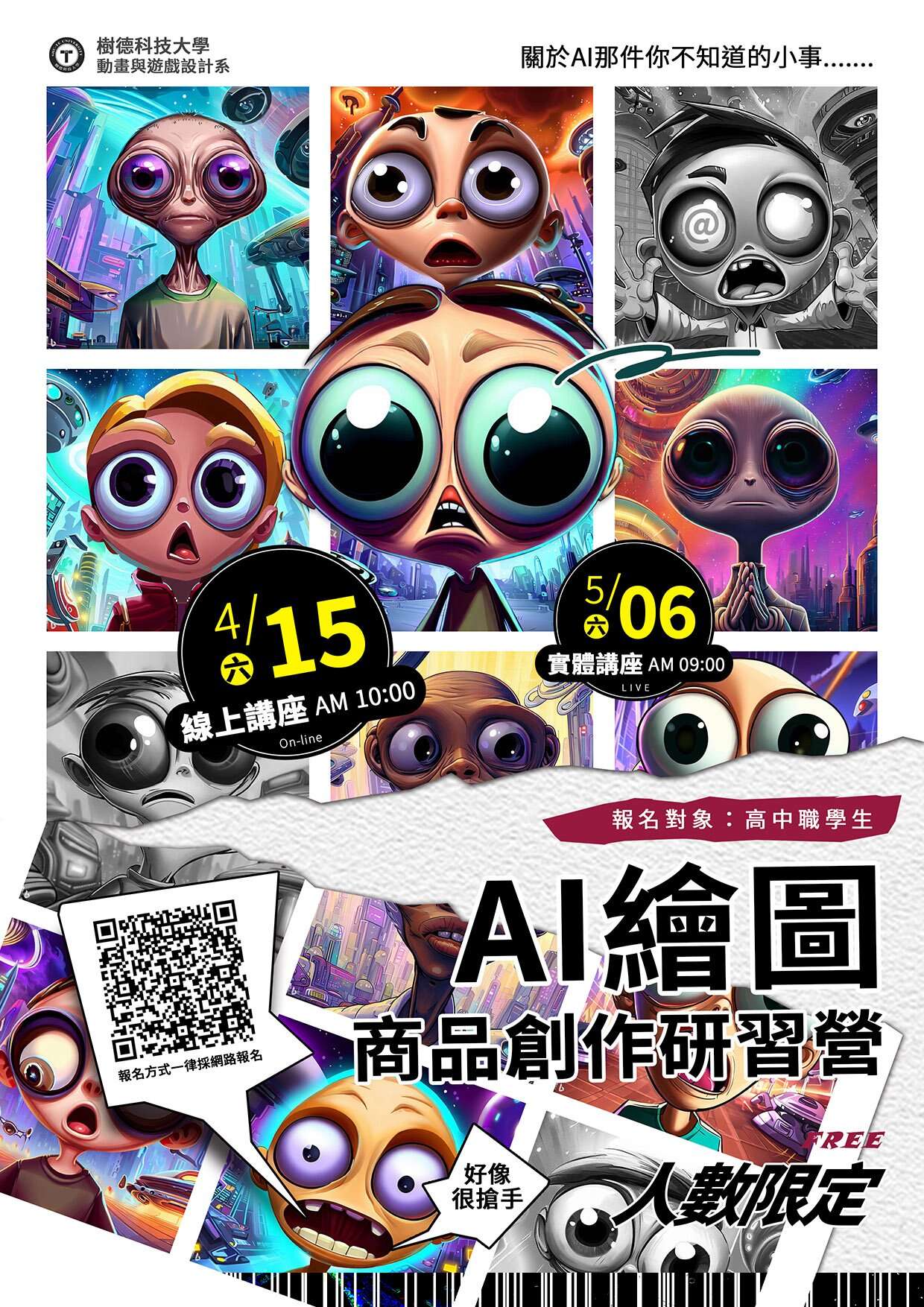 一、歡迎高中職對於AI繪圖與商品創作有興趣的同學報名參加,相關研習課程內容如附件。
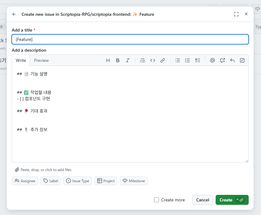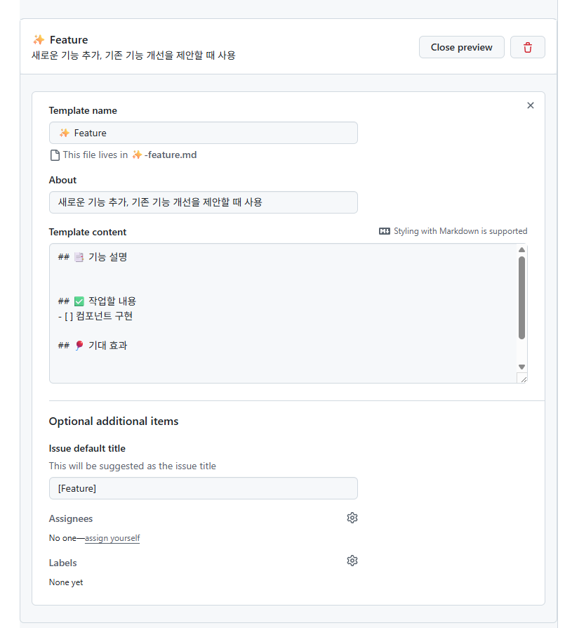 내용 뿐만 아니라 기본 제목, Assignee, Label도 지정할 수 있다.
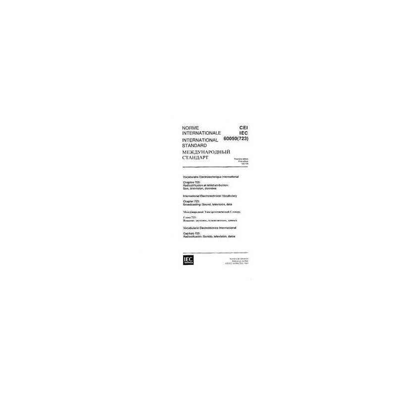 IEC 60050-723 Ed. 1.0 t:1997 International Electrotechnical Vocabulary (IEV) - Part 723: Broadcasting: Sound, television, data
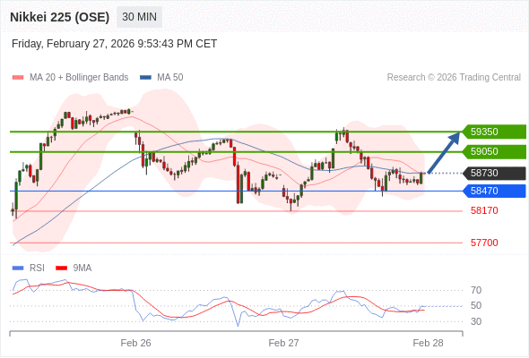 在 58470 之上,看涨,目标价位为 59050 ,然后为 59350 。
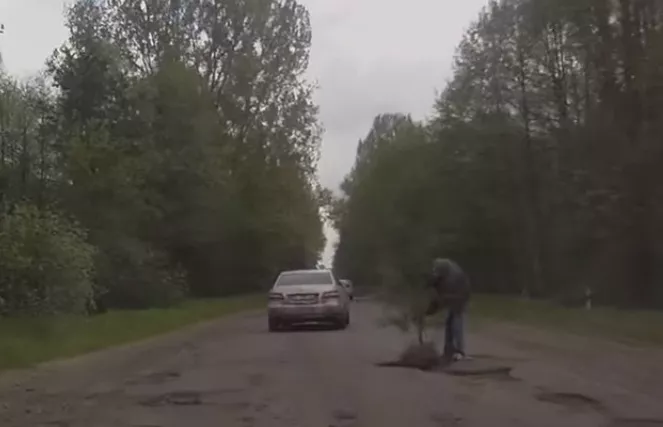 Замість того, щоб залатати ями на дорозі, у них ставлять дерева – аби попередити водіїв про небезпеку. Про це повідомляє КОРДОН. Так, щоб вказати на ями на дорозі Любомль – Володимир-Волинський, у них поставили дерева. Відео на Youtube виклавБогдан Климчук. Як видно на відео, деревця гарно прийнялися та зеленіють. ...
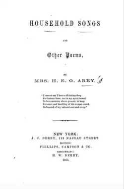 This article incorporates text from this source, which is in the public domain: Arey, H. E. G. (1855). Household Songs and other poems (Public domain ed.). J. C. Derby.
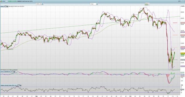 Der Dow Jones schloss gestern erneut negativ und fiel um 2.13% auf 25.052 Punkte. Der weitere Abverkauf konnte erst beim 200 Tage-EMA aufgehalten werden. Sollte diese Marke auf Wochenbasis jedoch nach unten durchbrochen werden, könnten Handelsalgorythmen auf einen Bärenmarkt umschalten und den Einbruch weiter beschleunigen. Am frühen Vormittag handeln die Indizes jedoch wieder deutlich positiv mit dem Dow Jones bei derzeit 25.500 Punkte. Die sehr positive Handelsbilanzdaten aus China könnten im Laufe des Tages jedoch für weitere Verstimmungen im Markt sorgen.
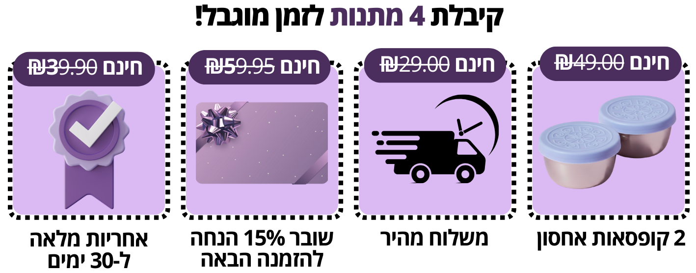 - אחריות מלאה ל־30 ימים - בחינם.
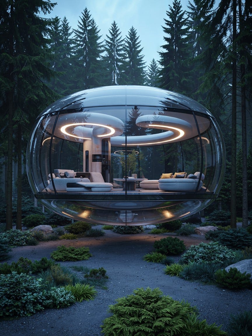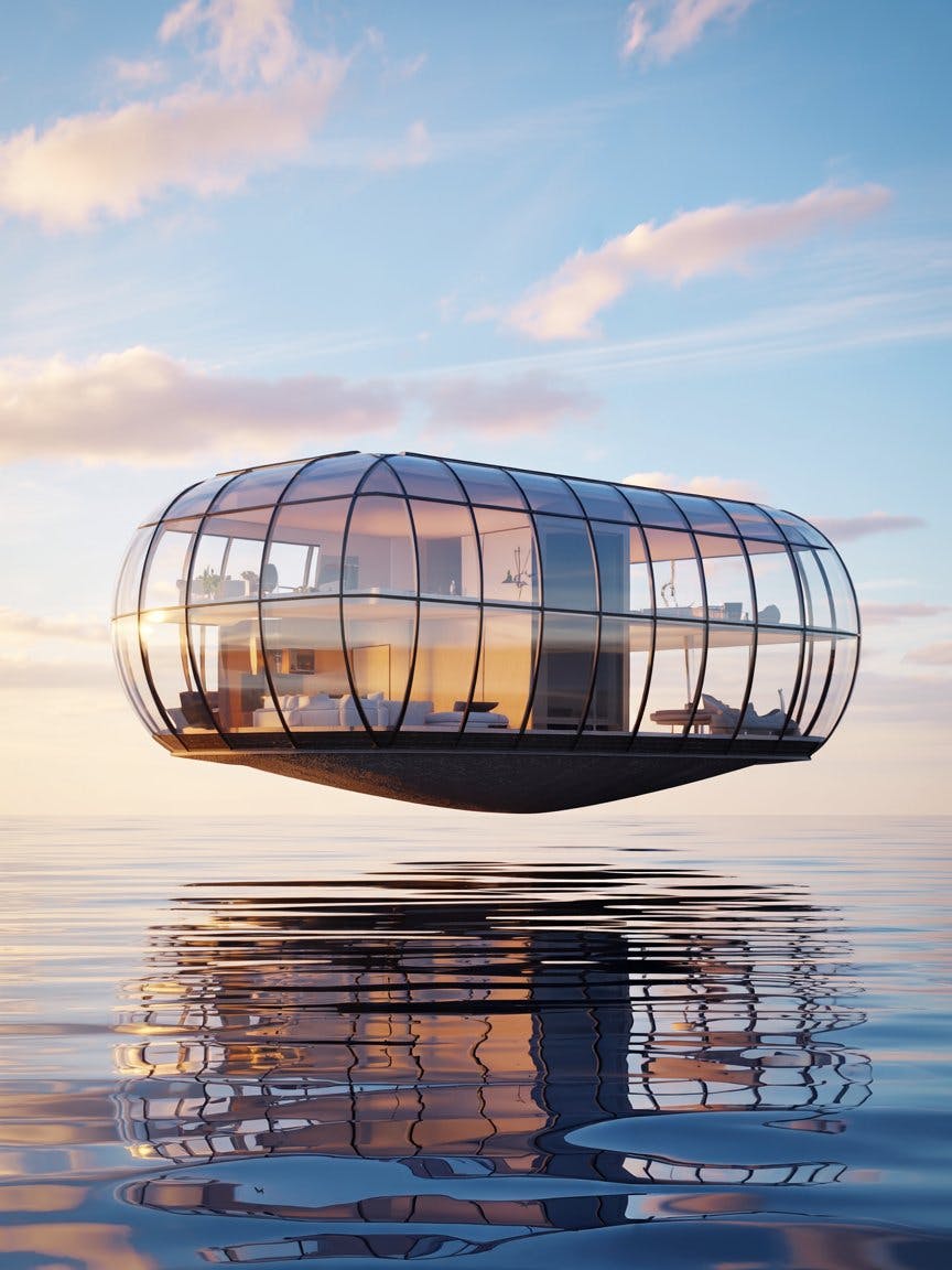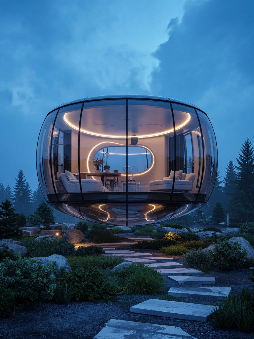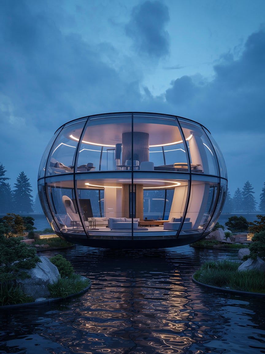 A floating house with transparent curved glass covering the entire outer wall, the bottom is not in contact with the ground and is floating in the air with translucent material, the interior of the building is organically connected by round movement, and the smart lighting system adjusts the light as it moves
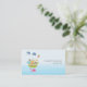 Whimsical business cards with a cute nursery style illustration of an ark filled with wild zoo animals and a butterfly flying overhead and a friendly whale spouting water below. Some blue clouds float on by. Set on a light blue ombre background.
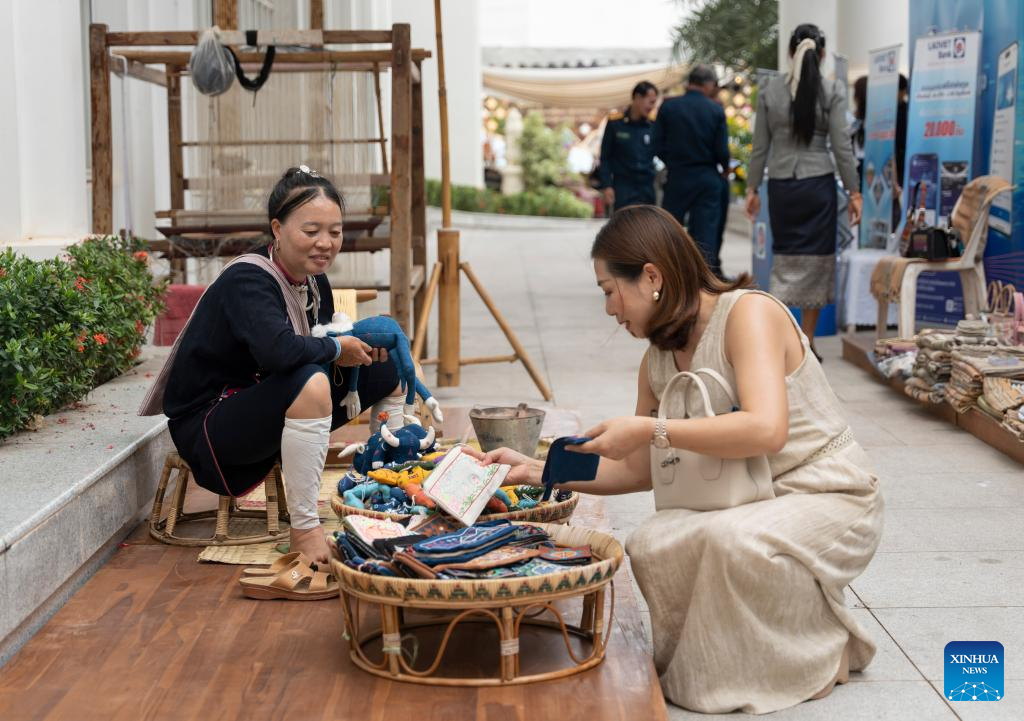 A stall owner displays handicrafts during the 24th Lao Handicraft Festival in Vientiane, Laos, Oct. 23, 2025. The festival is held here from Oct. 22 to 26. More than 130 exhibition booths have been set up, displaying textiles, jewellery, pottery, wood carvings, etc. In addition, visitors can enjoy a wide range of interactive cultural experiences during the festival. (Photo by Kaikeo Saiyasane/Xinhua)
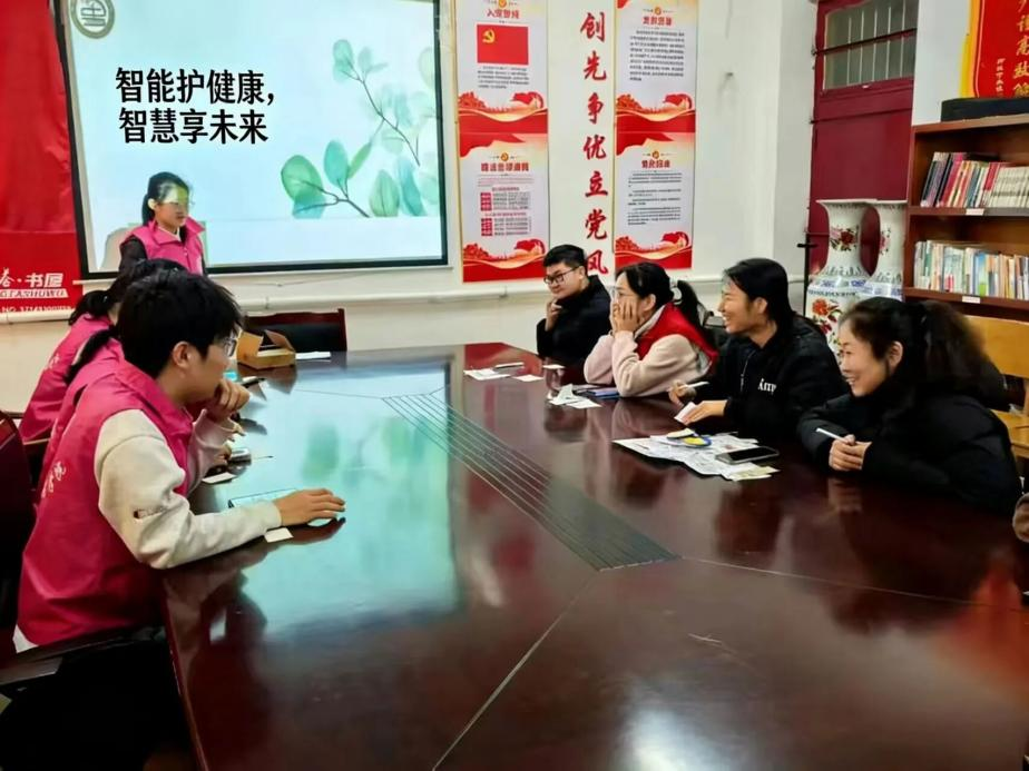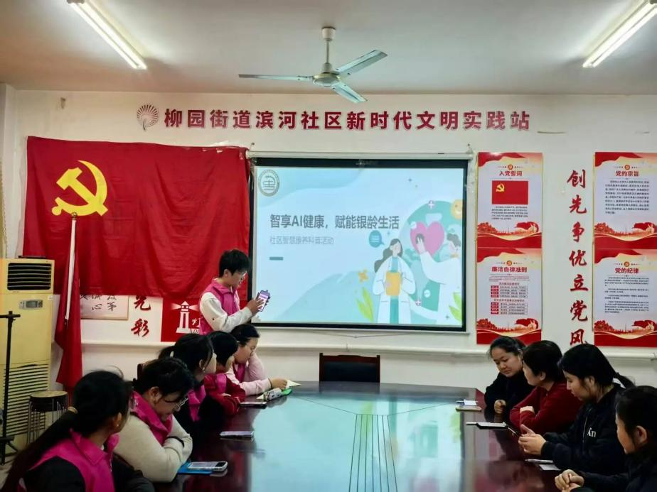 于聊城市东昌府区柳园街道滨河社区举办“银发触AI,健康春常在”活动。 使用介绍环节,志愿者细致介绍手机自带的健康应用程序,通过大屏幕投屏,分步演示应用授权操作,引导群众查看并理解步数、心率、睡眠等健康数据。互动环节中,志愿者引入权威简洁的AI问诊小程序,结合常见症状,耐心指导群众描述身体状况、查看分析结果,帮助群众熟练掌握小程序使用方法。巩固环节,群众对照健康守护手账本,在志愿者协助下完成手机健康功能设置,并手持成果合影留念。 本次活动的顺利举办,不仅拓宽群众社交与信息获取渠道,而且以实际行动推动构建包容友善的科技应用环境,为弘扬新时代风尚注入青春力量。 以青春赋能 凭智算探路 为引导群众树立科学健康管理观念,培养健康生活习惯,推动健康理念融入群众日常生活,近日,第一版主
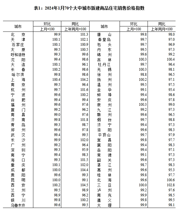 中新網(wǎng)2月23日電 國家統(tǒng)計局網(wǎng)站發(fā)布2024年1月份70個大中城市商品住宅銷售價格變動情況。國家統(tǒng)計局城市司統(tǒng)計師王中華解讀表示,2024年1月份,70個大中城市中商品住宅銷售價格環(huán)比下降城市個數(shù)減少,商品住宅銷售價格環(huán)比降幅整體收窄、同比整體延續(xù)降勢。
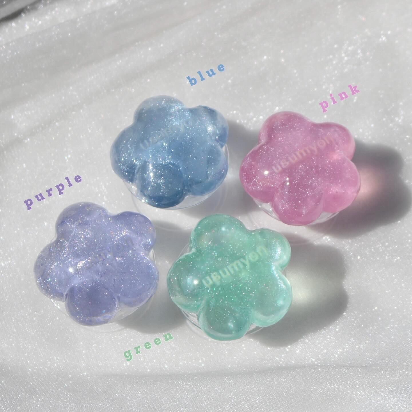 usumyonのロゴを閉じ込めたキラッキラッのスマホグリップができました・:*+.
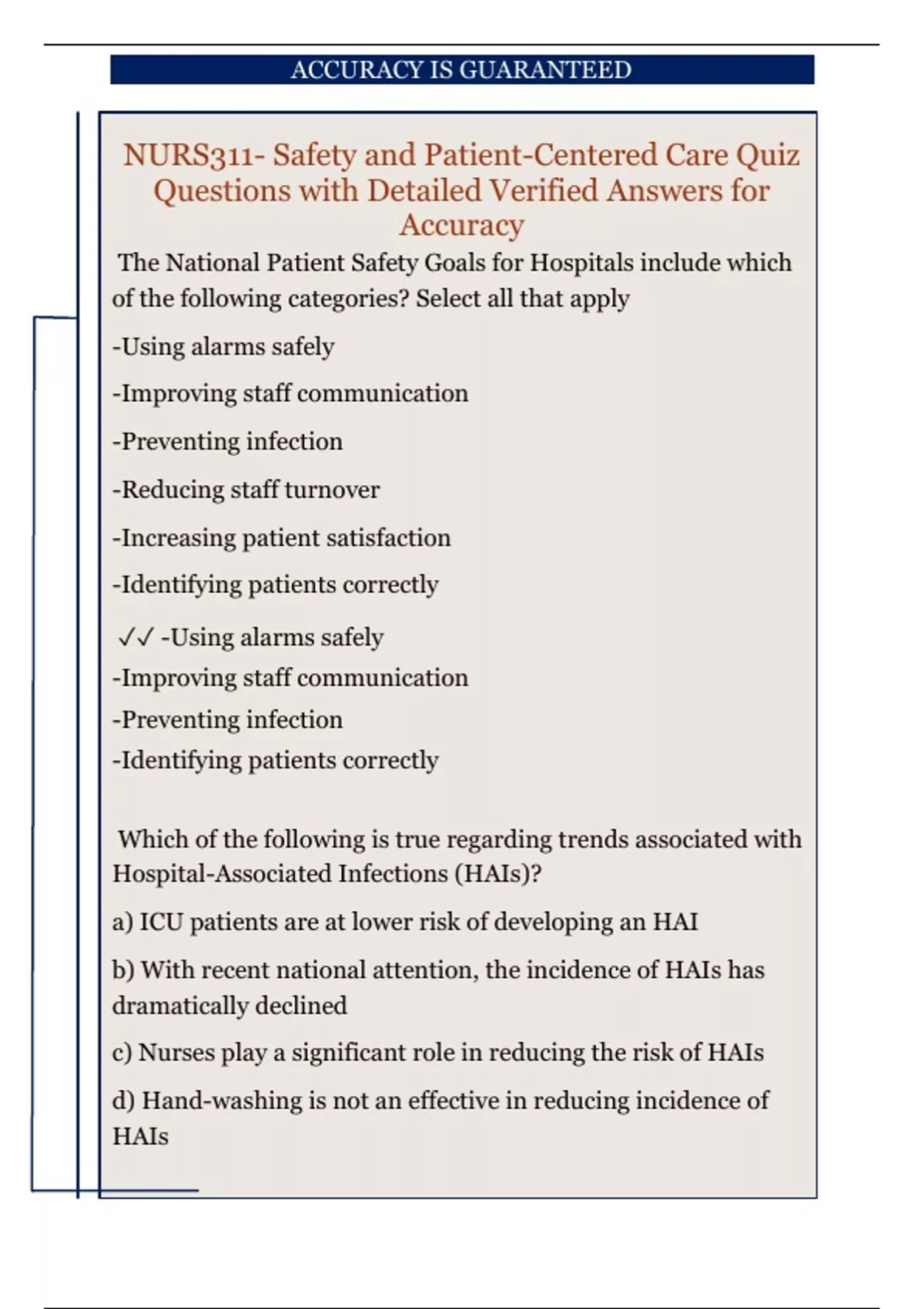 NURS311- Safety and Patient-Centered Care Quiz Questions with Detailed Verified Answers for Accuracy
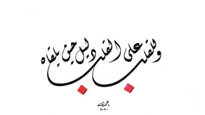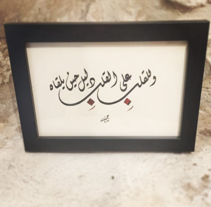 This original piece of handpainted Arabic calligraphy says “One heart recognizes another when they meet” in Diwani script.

Directions -
Emit the lines of the material exactly, from its first line to the line containing "在 58470 之上,看涨,目标价位为 59050 ,然后为 59350 。", inclusive; leave every picture out.

Exercise output -
 一、歡迎高中職對於AI繪圖與商品創作有興趣的同學報名參加,相關研習課程內容如附件。
 내용 뿐만 아니라 기본 제목, Assignee, Label도 지정할 수 있다.
 IEC 60050-723 Ed. 1.0 t:1997 International Electrotechnical Vocabulary (IEV) - Part 723: Broadcasting: Sound, television, data
 在 58470 之上,看涨,目标价位为 59050 ,然后为 59350 。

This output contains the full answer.